PROBABILITY AND STATISTICS:

(8) What is a sample space? Simple event? Probability? Do you know formulas in Theorems 2, 3 (pages 28, 29)? How do we define conditional probability? Independence? What is the difference between independent events and mutually exclusive events?

(9) What does the Law of Total Probability say? Did you memorize Bayes' formula? Do you know the definition of independent events? What is a random variable? Probability mass function? Cumulative distribution function? How do you compute the mean, variance, standard deviation of a discrete RV? Are you familiar with Theorem 7 (page 78) and Theorem 8 (page 94)?

(10) What is a Bernuolli trial/random variable? A binomial random variable? How do we define the binomial distribution, i.e., what does b(k,n;p) mean? Did you memorize the formula in Theorem 11 on page 117? What are the mean and the variance of a binomial distribution? Are you able to recognize when a random variable has a binomial distribution?

(11) What is a continuous random variable?
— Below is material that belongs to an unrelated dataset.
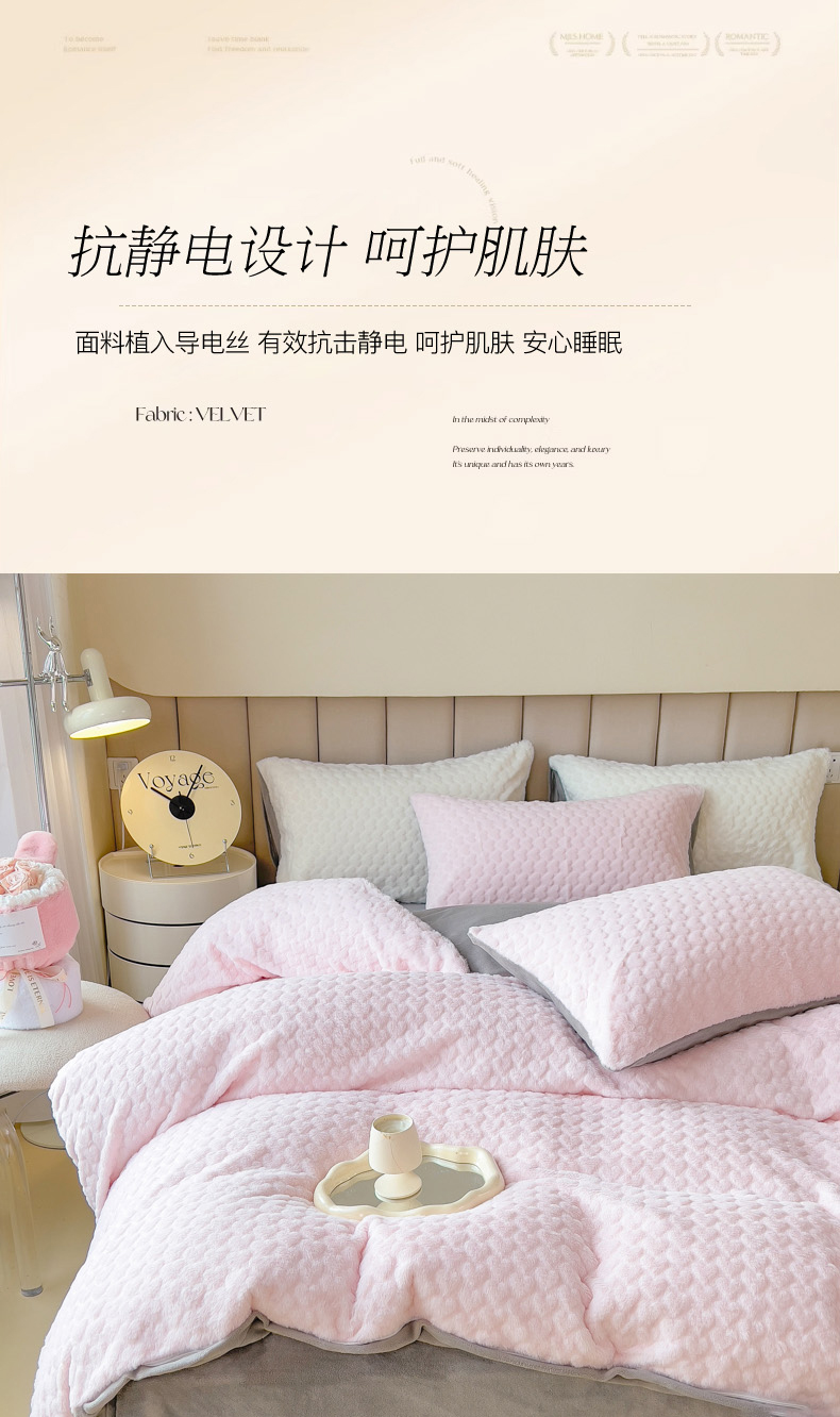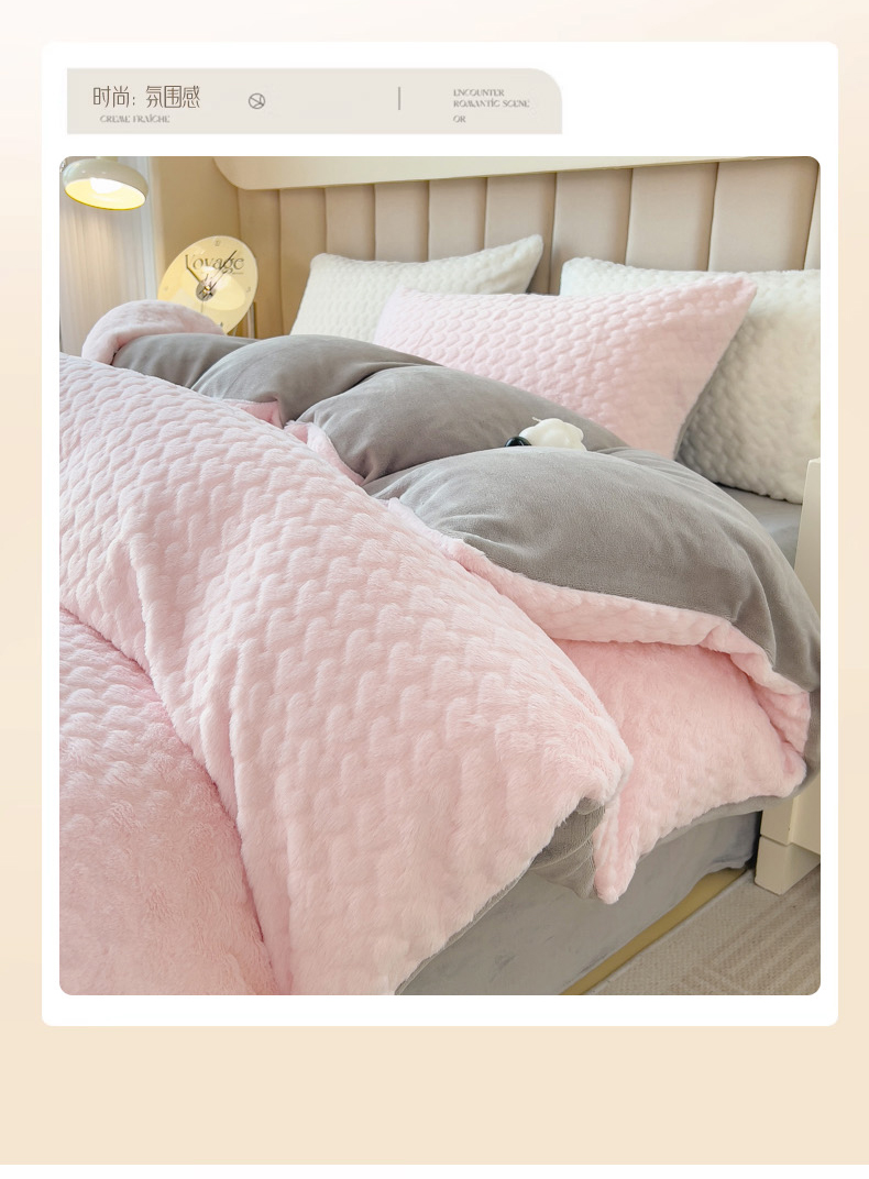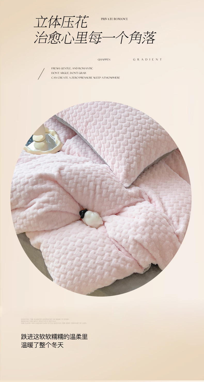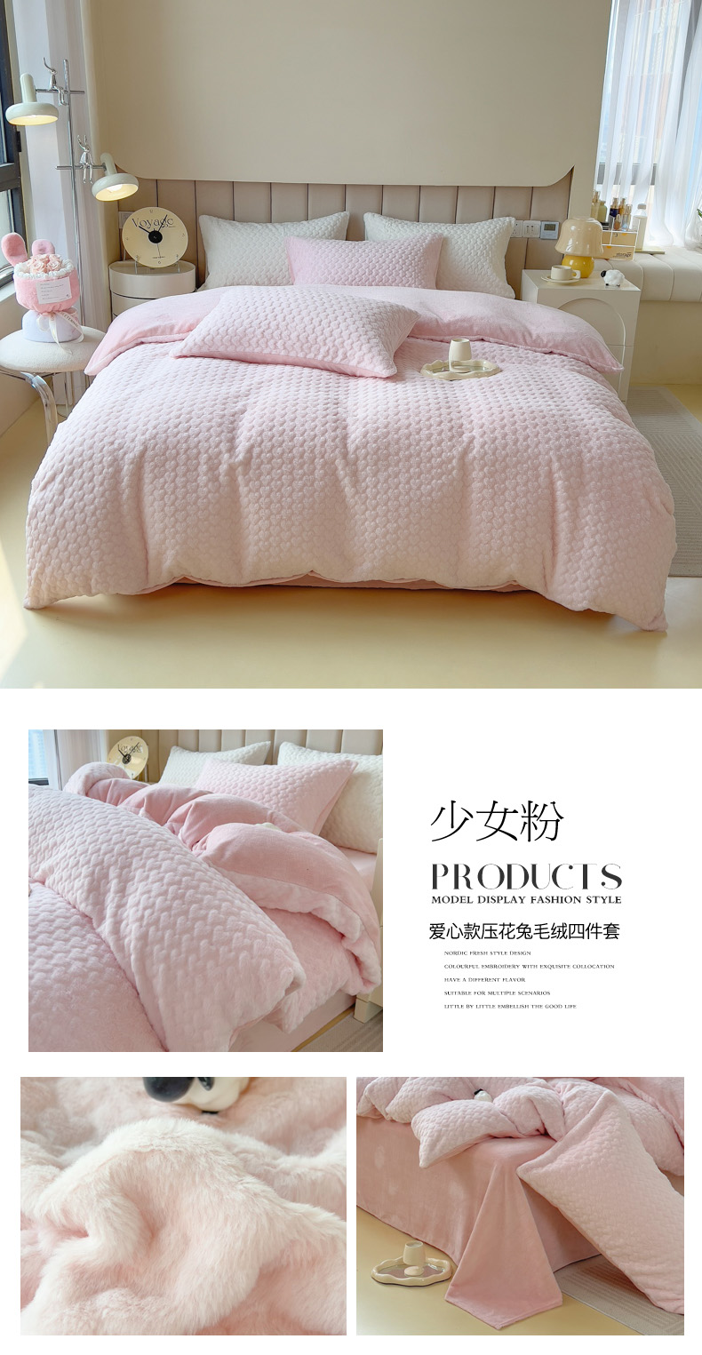 当前位置: 91家纺网 > 商品网购 > 床品套件 > 四件套 > 兔毛绒四件套 > 印季家纺 2025新款爱心款压花兔毛绒四件套 少女粉-灰

What is a probability density function, and what are its properties (definition 36 on page 148)? How do we find the cumulative distribution function, F(x) of a continuous random variable X (definition 37, page 152)? What are the properties of F(x) (Theorem 13, page 155)? How do we find the mean and the variance of a continuous RV (definition 38 on pages 158-159)?

(12) Do you know the formula for the probability density function of a normal RV (definition 39, page 16)? Can you graph the normal distribution illustrating the properties in Theorem 14? What is the standard normal distribution? How do we use it to compute probabilities? What is the 68-95-99.7 rule? How do we compute F(-z)? [Note: You may want to review improper integral and L'Hopital's Rule from your 1LS3 textbook to help with questions in sections 13 and 14.]